**Problem requirements:** Once the images are set aside, output the listing exactly as it stands.

**Recorded information:**
··········

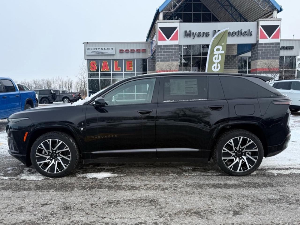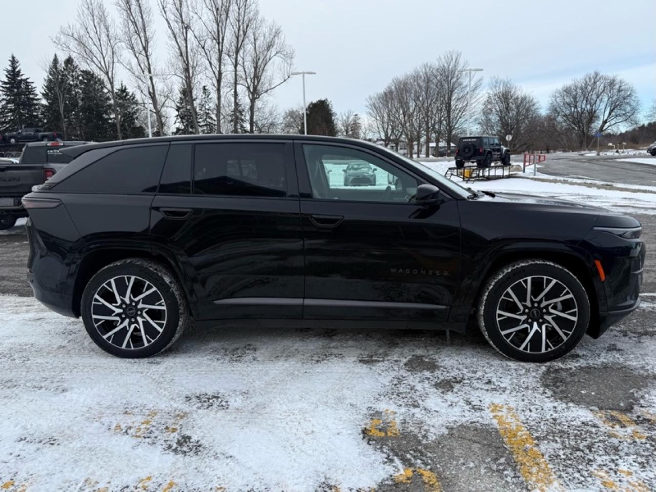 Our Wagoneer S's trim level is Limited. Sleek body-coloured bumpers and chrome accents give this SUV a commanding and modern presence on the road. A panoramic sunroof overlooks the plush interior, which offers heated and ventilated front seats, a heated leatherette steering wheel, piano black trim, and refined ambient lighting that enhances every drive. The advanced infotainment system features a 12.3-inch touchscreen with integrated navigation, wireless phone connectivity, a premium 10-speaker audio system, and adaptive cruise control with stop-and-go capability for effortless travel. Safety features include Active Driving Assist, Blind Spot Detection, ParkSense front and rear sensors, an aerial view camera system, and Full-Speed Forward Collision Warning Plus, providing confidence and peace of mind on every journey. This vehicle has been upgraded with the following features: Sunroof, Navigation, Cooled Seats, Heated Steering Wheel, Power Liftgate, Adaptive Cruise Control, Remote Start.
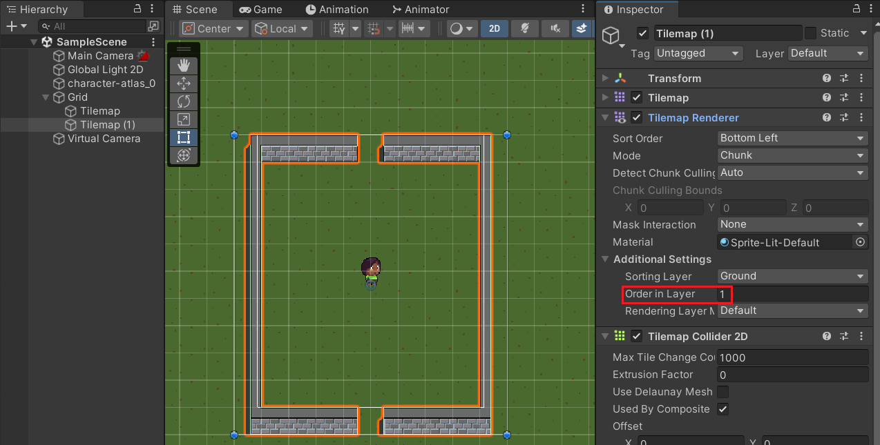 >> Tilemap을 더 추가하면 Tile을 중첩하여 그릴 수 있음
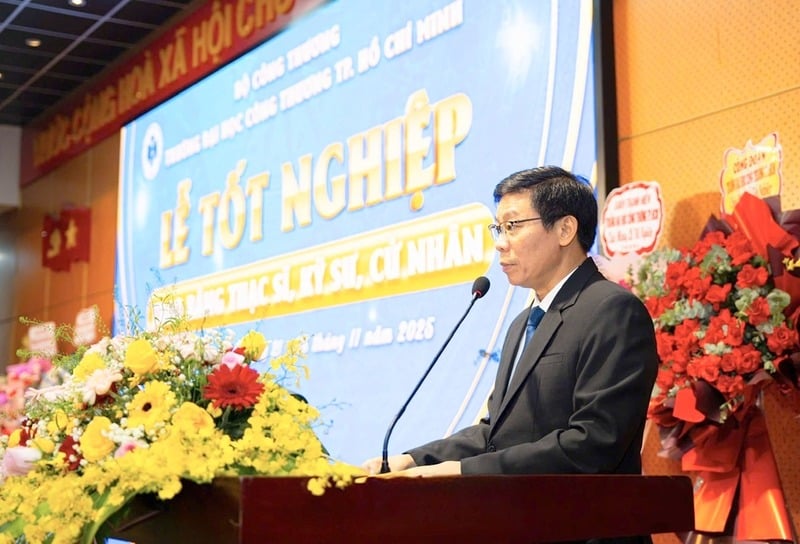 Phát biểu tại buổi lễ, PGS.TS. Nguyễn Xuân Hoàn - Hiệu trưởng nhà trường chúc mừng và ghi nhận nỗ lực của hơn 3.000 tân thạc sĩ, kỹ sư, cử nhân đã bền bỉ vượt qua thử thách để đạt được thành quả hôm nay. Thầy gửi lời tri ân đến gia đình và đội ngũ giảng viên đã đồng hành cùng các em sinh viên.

··········

**Answer box:**
 Our Wagoneer S's trim level is Limited. Sleek body-coloured bumpers and chrome accents give this SUV a commanding and modern presence on the road. A panoramic sunroof overlooks the plush interior, which offers heated and ventilated front seats, a heated leatherette steering wheel, piano black trim, and refined ambient lighting that enhances every drive. The advanced infotainment system features a 12.3-inch touchscreen with integrated navigation, wireless phone connectivity, a premium 10-speaker audio system, and adaptive cruise control with stop-and-go capability for effortless travel. Safety features include Active Driving Assist, Blind Spot Detection, ParkSense front and rear sensors, an aerial view camera system, and Full-Speed Forward Collision Warning Plus, providing confidence and peace of mind on every journey. This vehicle has been upgraded with the following features: Sunroof, Navigation, Cooled Seats, Heated Steering Wheel, Power Liftgate, Adaptive Cruise Control, Remote Start.
 >> Tilemap을 더 추가하면 Tile을 중첩하여 그릴 수 있음
 Phát biểu tại buổi lễ, PGS.TS. Nguyễn Xuân Hoàn - Hiệu trưởng nhà trường chúc mừng và ghi nhận nỗ lực của hơn 3.000 tân thạc sĩ, kỹ sư, cử nhân đã bền bỉ vượt qua thử thách để đạt được thành quả hôm nay. Thầy gửi lời tri ân đến gia đình và đội ngũ giảng viên đã đồng hành cùng các em sinh viên.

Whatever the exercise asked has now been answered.